Sittengeschichte : Das Sex-Archiv der Republik

1000 Ausgaben von „Happy Weekend“ zeigen 40 Jahre deutsche Sittengeschichte. Ein Besuch beim größten Erotik-Anzeigenmagazin.

Sebastian Dalkowski
Ein altes Cover der Happy Weekend.
Ein altes Cover der Happy Weekend.Foto: promo

Diese Geschichte handelt nicht davon, wie und mit wem Deutsche Sex haben. Diese Geschichte handelt davon, wie und mit wem Deutsche am liebsten Sex hätten. Es ist die Geschichte von dem Mann, der sich eine Affäre wünscht, „da Ehefrau nach der Geburt unseres Sohnes kein Interesse mehr am Sex hat“. Von „acht heißgelaufenen Jungs“, die „zwecks Sexorgien“ überall hinkommen. Von den zweien, die ein „frisches Paar für Gemütlichkeitsabende“ suchen. Wer mehr von diesen Menschen und ihren Fantasien erfahren möchte, der muss ins Ruhrgebiet fahren.

Es ist ein sonniger Tag, aber das zweistöckige Haus mit grau-blauer Fassade in der Nähe des Essener Hauptbahnhofs will trotzdem nicht strahlen. Vom Flur führen zwei Treppen hinunter in den Keller.
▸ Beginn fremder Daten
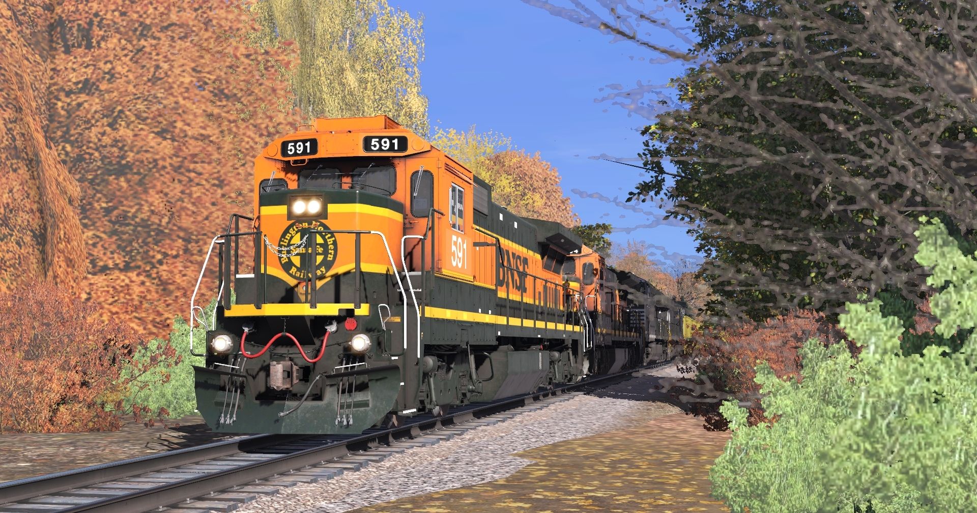 Tags: Trainz Railroad Simulator 2022, Stratton Falls Line, Stratton Falls Line - Default, BNSF B40-8 H1 (late), NS ES44AC, SD45-2 FVLC #2024, NREX ex-ATSF SD45-2u, SD45(SD40M-2) CP #5498, CN ET44AC, SFRX H1K Hopper, SFRX yellow H1K Hopper, EOT, ACRX 60ft HC Boxcar

Dort steht auf einem Schild neben der Tür: Archiv HW. Die Abkürzung steht für „Happy Weekend“, das älteste und größte Magazin für Sexkontaktanzeigen in Deutschland. Es erscheint alle zwei Wochen, ein Exemplar kostet 12,95 Euro. Die Auflage: derzeit knapp 50 000, Ende der 90er Jahre lag sie sogar mal bei 90 000. „Wir schicken auch Hefte zu deutschen Soldaten nach Afghanistan“, sagt Chefredakteur Thorsten Wilms, ein hagerer 39-Jähriger.

Vor kurzem ist die 1000. Ausgabe erschienen, im nächsten Jahr feiert „Happy Weekend“ seinen 40. Geburtstag. Und so ist ein Besuch im Archiv der Zeitschrift wie eine Zeitreise durch vier Jahrzehnte deutscher Sittengeschichte. In dem Keller in Essen lagern 40 Jahre Sexfantasien und verborgene Wünsche – abgelegt in Kartons und auf grauen Regalen. Irgendwann einmal muss jemand die Absicht gehabt haben, das Archiv ordentlich zu führen, aber jetzt werden neue Kartons einfach dorthin gestellt, wo noch Platz ist. In dem mittlerweile viel zu kleinen Raum riecht es leicht muffig – und es sieht so langweilig und trostlos aus, wie man sich das Aktenlager eines Finanzamts vorstellt. Doch wenn die Hefte sprechen könnten, würden sie stöhnen und keuchen.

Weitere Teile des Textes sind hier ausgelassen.